**Problem to work on**
Set down the data below in full and exactly, minus the pictures.

*** Source data ***

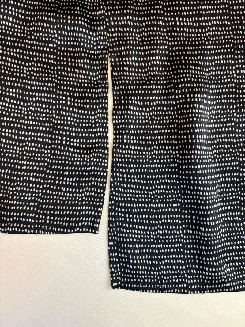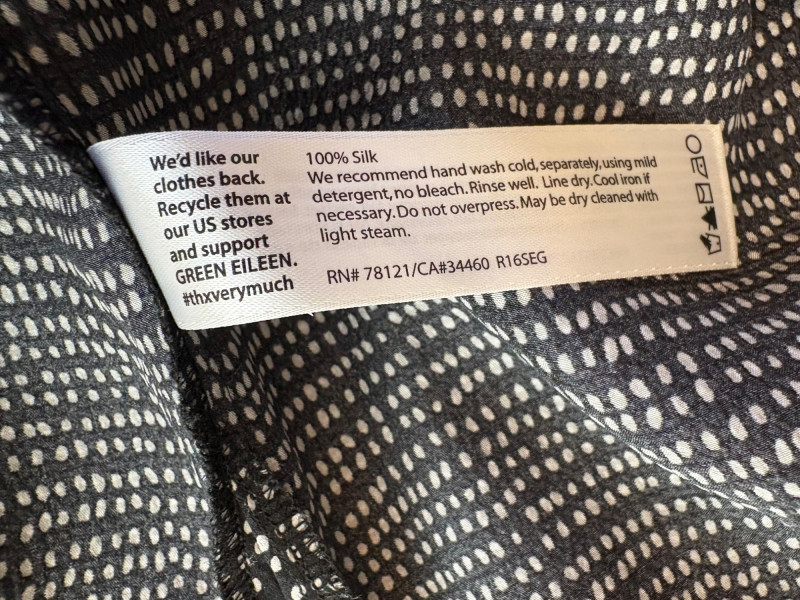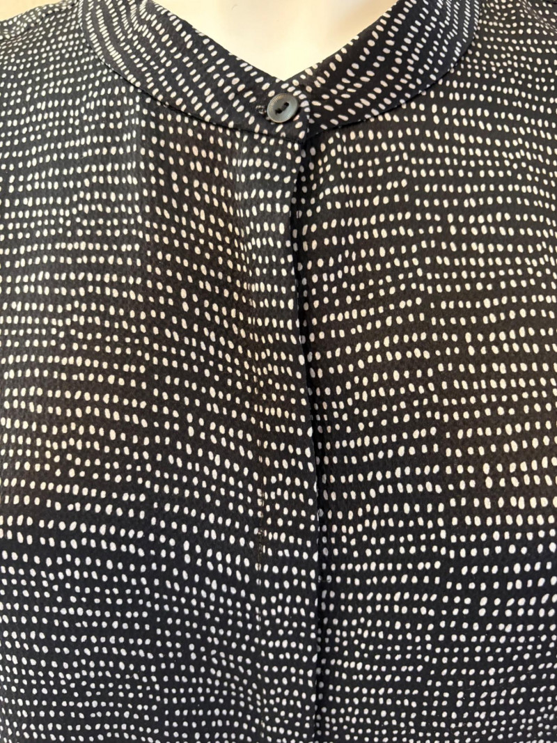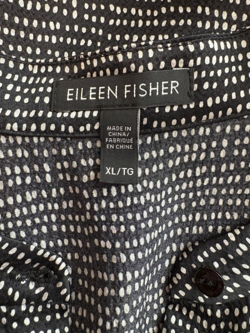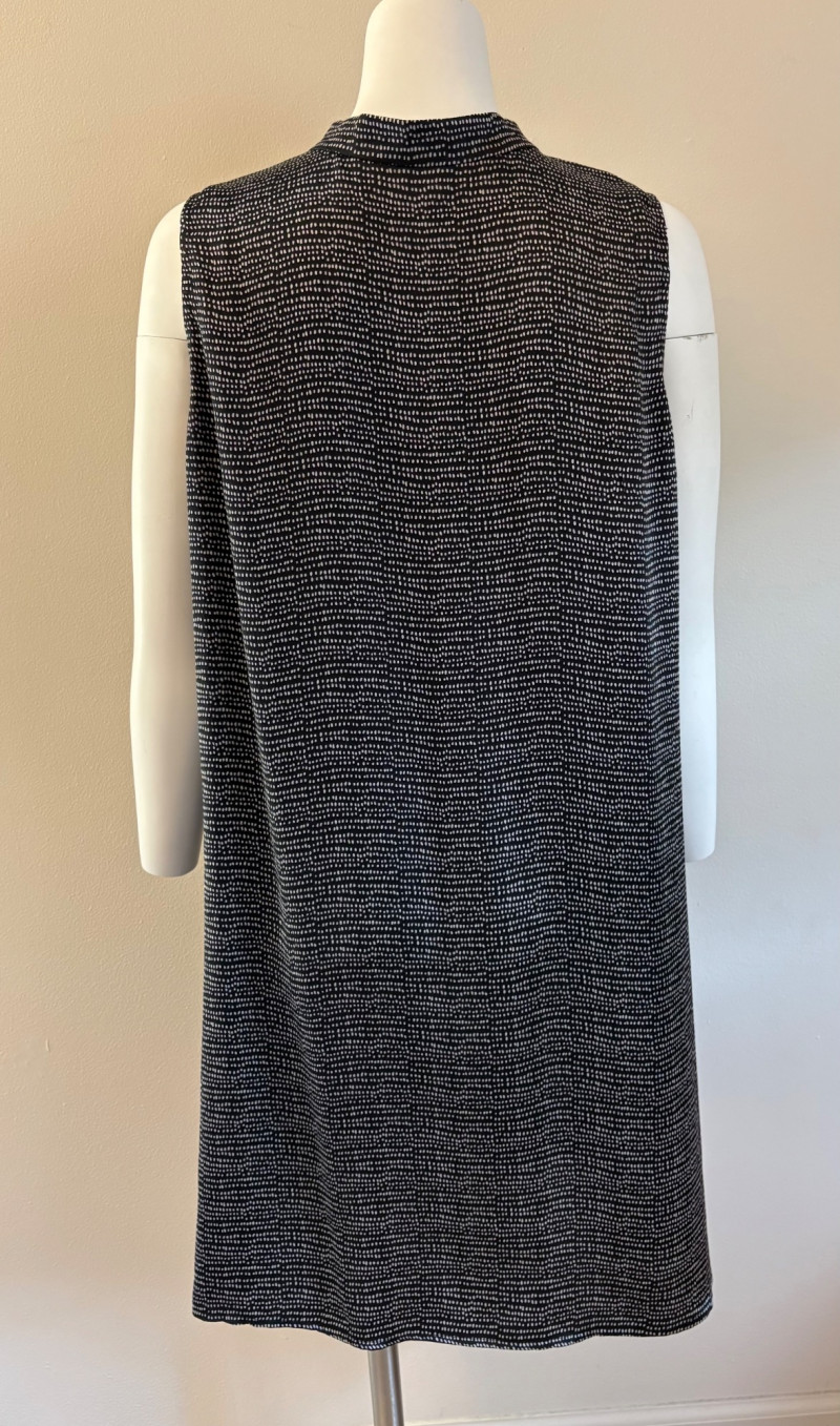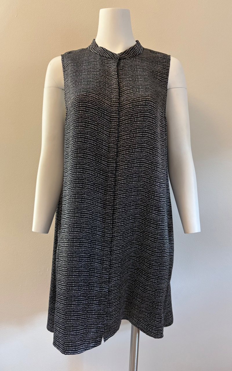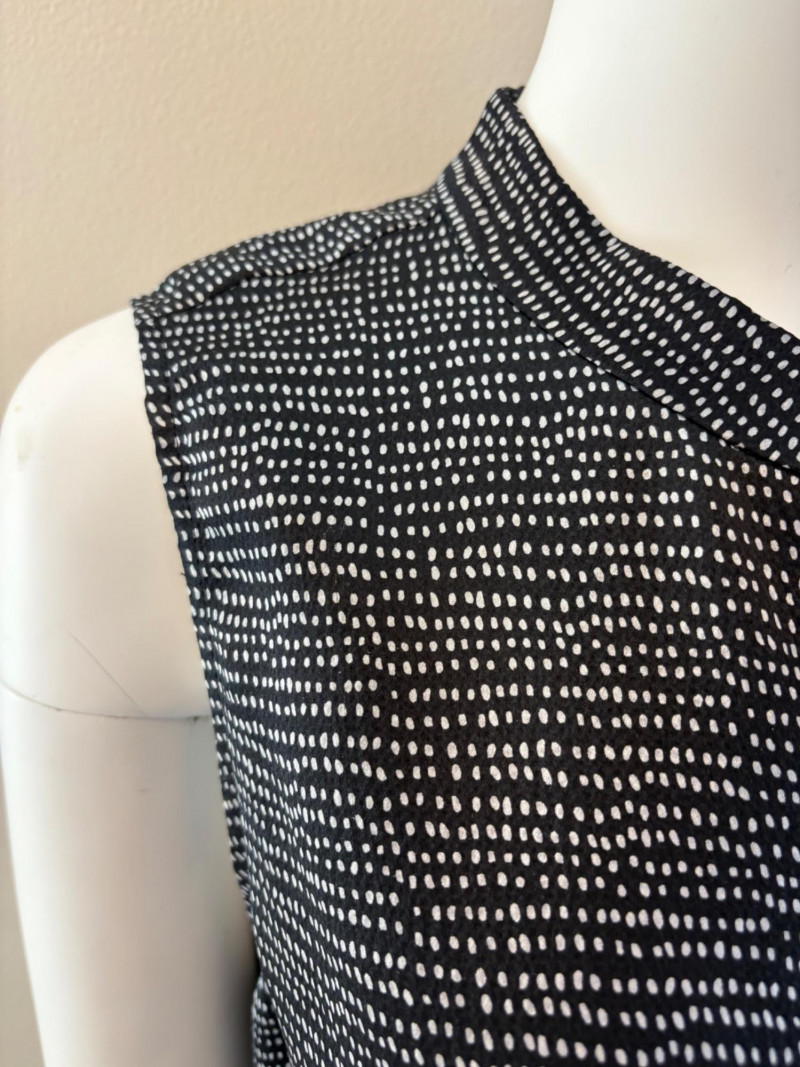 Sleeveless tunic in black with small white dots from Eileen Fisher has front button closure with hidden placket, banded collar, and split hem with back hem approx. 2" longer in the back than front. In excellent condition. 100% silk. Measures 23" pit to pit and 35" from back neckline to bottom back hemline. Size tag says XL
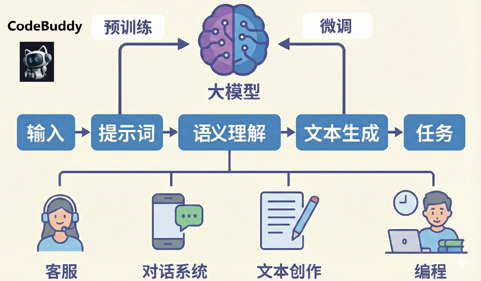 基于大语言模型的 AI Coding 通常遵循“需求表达—语义理解—代码生成—反馈优化”流程。开发者以自然语言或半结构化提示词描述开发目标,大语言模型对其进行语义解析并结合上下文代码与工程结构生成候选实现方案。随后,通过运行反馈、错误信息或人工评价对生成结果进行修正与优化。在工程化系统中,如 CodeBuddy,这一流程被嵌入IDE与开发管线中,支持项目级上下文理解、跨文件推理与持续交互式优化。其核心原理在于将大语言模型作为“智能编程协作者”,通过人机协同实现软件开发效率与质量的系统性提升。
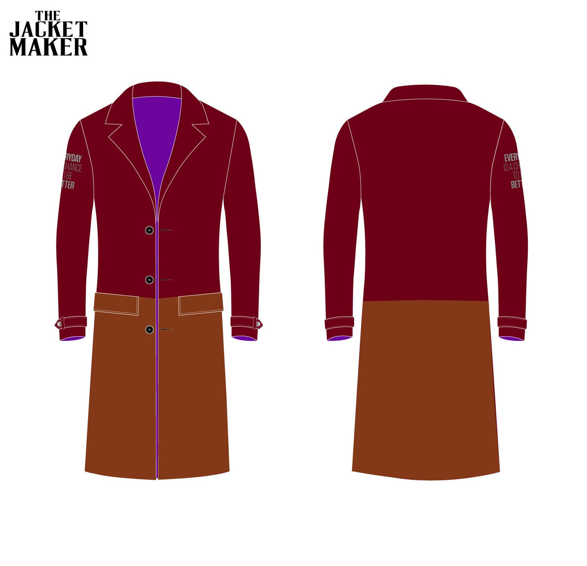 Jacket 5* Outer Shell: Synthetic wool fabric * Inner Shell: Polyester in purple color * Closure Style: Double breasted buttoned * Collar Style: Lapels * Cuffs Style: Open hem with adjustable strap * Outside Pockets: 2 waist welt pockets * Inside Pockets: 2 inner linnig pockets * Color: Purple * Knee length * Embroidery on left lapel * Mock# 266477-5
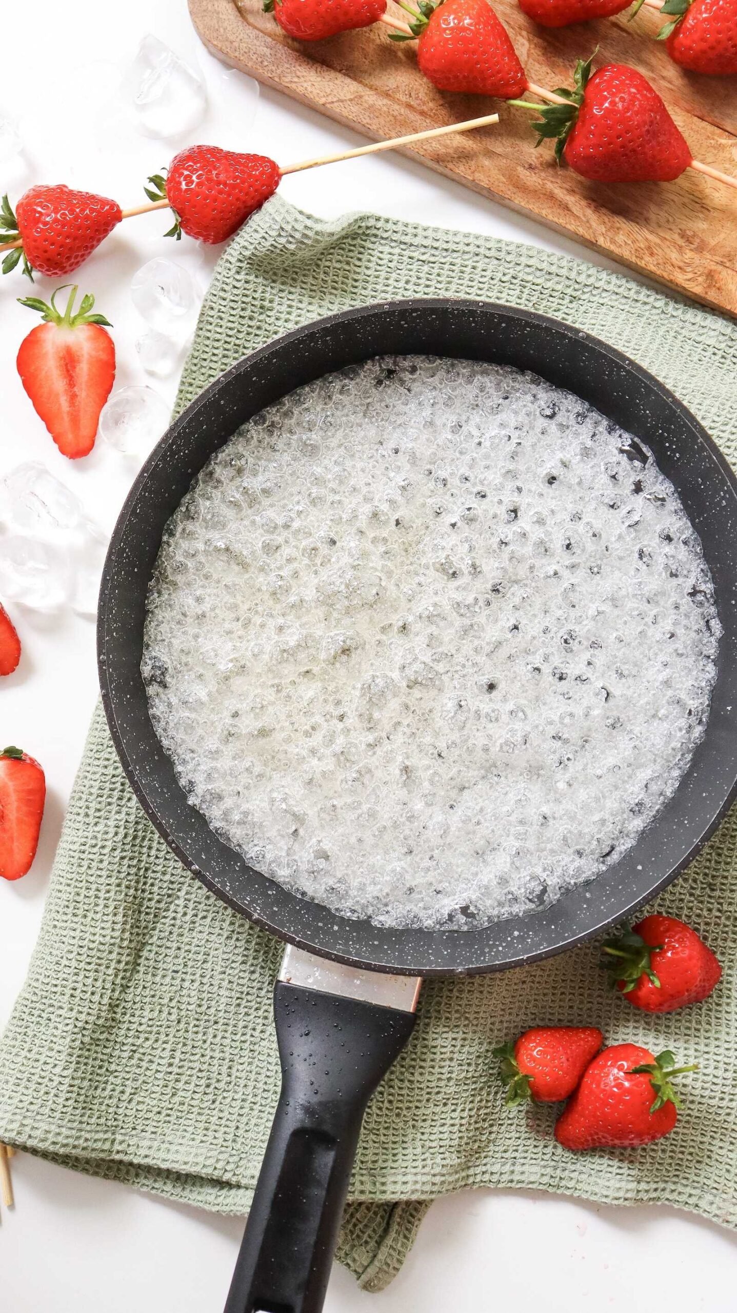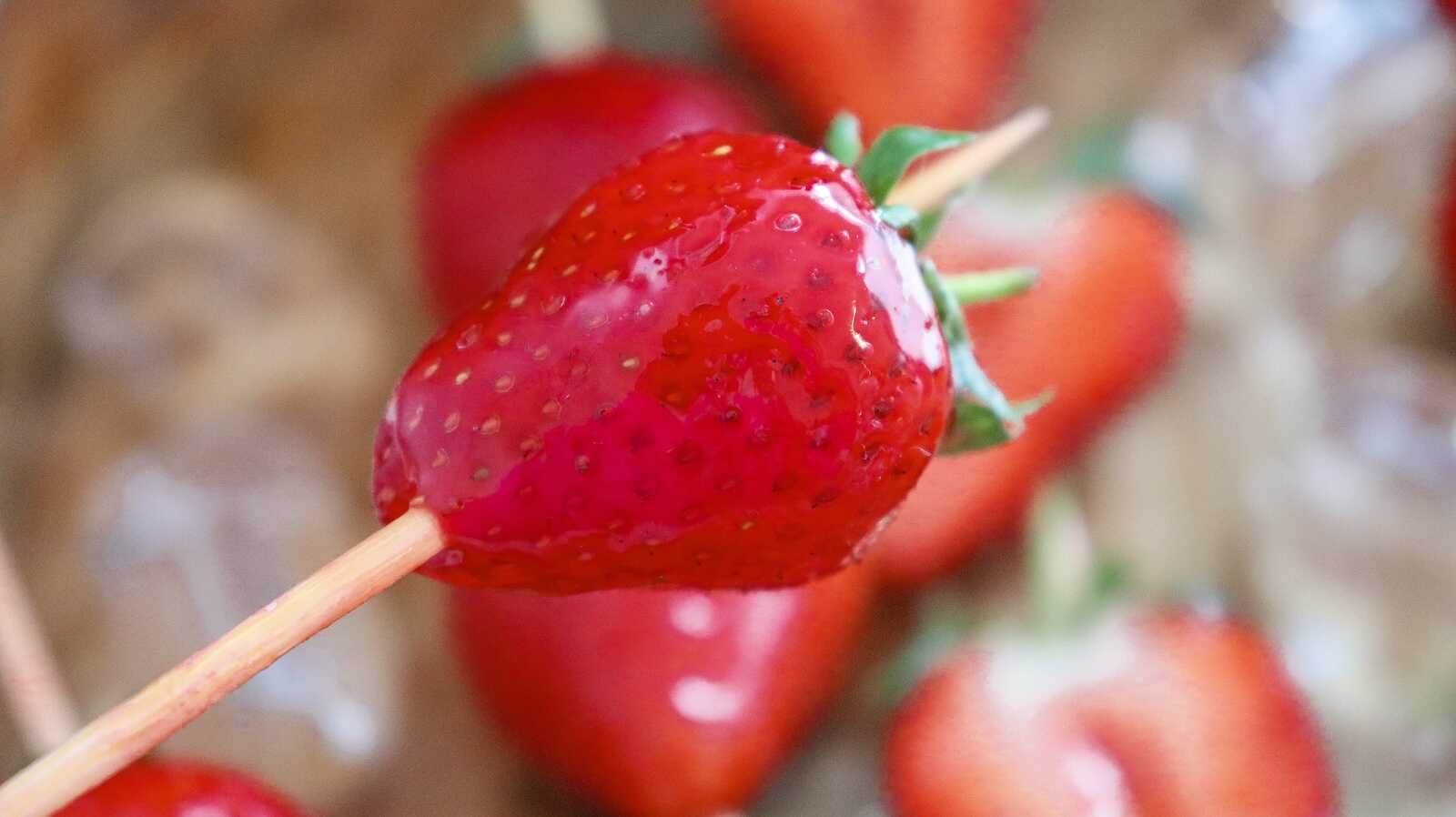 - Dip each strawberry skewer into the hot sugar syrup

*** End of Source data ***

**Expected answer**
 Sleeveless tunic in black with small white dots from Eileen Fisher has front button closure with hidden placket, banded collar, and split hem with back hem approx. 2" longer in the back than front. In excellent condition. 100% silk. Measures 23" pit to pit and 35" from back neckline to bottom back hemline. Size tag says XL
 基于大语言模型的 AI Coding 通常遵循“需求表达—语义理解—代码生成—反馈优化”流程。开发者以自然语言或半结构化提示词描述开发目标,大语言模型对其进行语义解析并结合上下文代码与工程结构生成候选实现方案。随后,通过运行反馈、错误信息或人工评价对生成结果进行修正与优化。在工程化系统中,如 CodeBuddy,这一流程被嵌入IDE与开发管线中,支持项目级上下文理解、跨文件推理与持续交互式优化。其核心原理在于将大语言模型作为“智能编程协作者”,通过人机协同实现软件开发效率与质量的系统性提升。
 Jacket 5* Outer Shell: Synthetic wool fabric * Inner Shell: Polyester in purple color * Closure Style: Double breasted buttoned * Collar Style: Lapels * Cuffs Style: Open hem with adjustable strap * Outside Pockets: 2 waist welt pockets * Inside Pockets: 2 inner linnig pockets * Color: Purple * Knee length * Embroidery on left lapel * Mock# 266477-5
 - Dip each strawberry skewer into the hot sugar syrup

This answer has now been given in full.